Virtually every industry can benefit from generative AI, she noted:
AI co-pilots, such as those just announced by Microsoft, can boost the productivity of over a billion office workers and tens of millions of software engineers. Millions of professionals in legal services, sales, customer support, and education will be available to leverage AI systems that are trained in their fields.
And the co-pilots and assistants are set to create new multi-hundred-billion-dollar market opportunities for our customers. We are seeing some of the earliest applications of generative AI in marketing, media, and entertainment.
CEO Huang certainly waved the flag for the technology in a quick ‘LLM 101’ for Wall Street analysts:
Large Language Models are pretty phenomenal. [They have] the ability to understand unstructured language.

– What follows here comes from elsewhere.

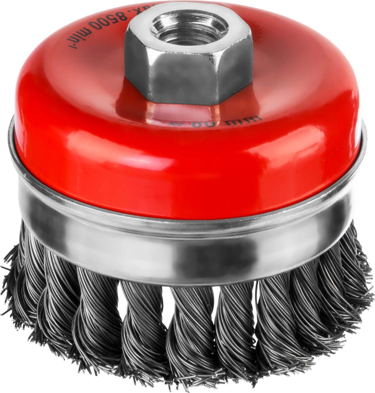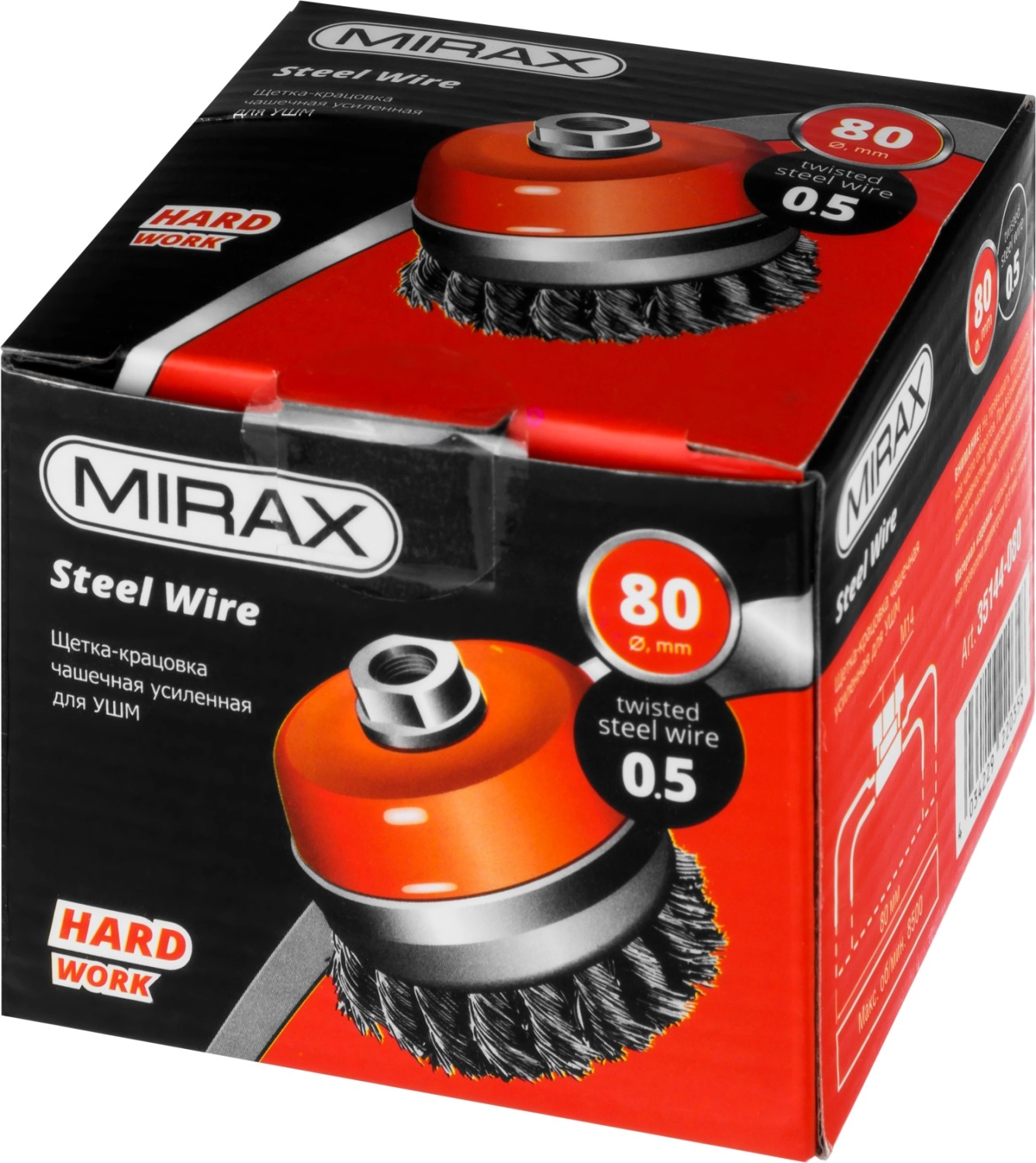 ПроизводителиЩетка чашечная усиленная для УШМ, жгутированная стальная проволока 0,5 мм, d=80 мм, MIRAX 35144-080

But at its core, what [an LLM] has learned is the structure of human language. And it has encoded within it – compressed within it – a large amount of human knowledge that it has learned from the corpuses that it studied. When you see smaller models, it’s very likely that they were derived or distilled from, or learned from, larger models, just as you have professors and teachers and students.
And you’re going to see this going forward. You start from a very large model, and it has a large amount of generality and generalization and what’s called zero-shot capability. And so, for a lot of applications, and for questions or skills that you haven’t trained it specifically on, these Large Language Models, miraculously, have the capability to perform them. That’s what makes it so magical!
Hyperbole aside, Huang set out his vision in no uncertain terms:
We’re seeing two simultaneous platform shifts at the same time. One is accelerated computing, and the reason for that is because it’s the most cost-effective, most energy-effective, and most performant way of doing computing now. Then, all of a sudden, enabled by accelerated computing, generative AI came along. And this incredible application now gives everyone two reasons to transition, to do a platform shift from general-purpose computing, the classical way of doing computing, to this new way of doing computing, accelerated computing. So, this is not a near-term thing. This is a long-term industry transition.
He added:
The most significant opportunities are in the world’s largest industries, where companies can realize trillions of dollars of productivity gains. It is an exciting time for NVIDIA, our customers, partners, and the entire ecosystem to drive this generational shift in computing.
My take
The best way for companies to increase their throughput, and improve energy efficiency and cost efficiency, is to divert their capital budgets to accelerated computing and generative AI, claimed Huang. In short: send your cash to NVIDIA!
In fairness, it has worked for many investors. The average crypto nerd who bet their shirt on Bitcoin would have done better to buy NVIDIA shares rather than huddle next to one of its GPUs and pray it mines some tokens.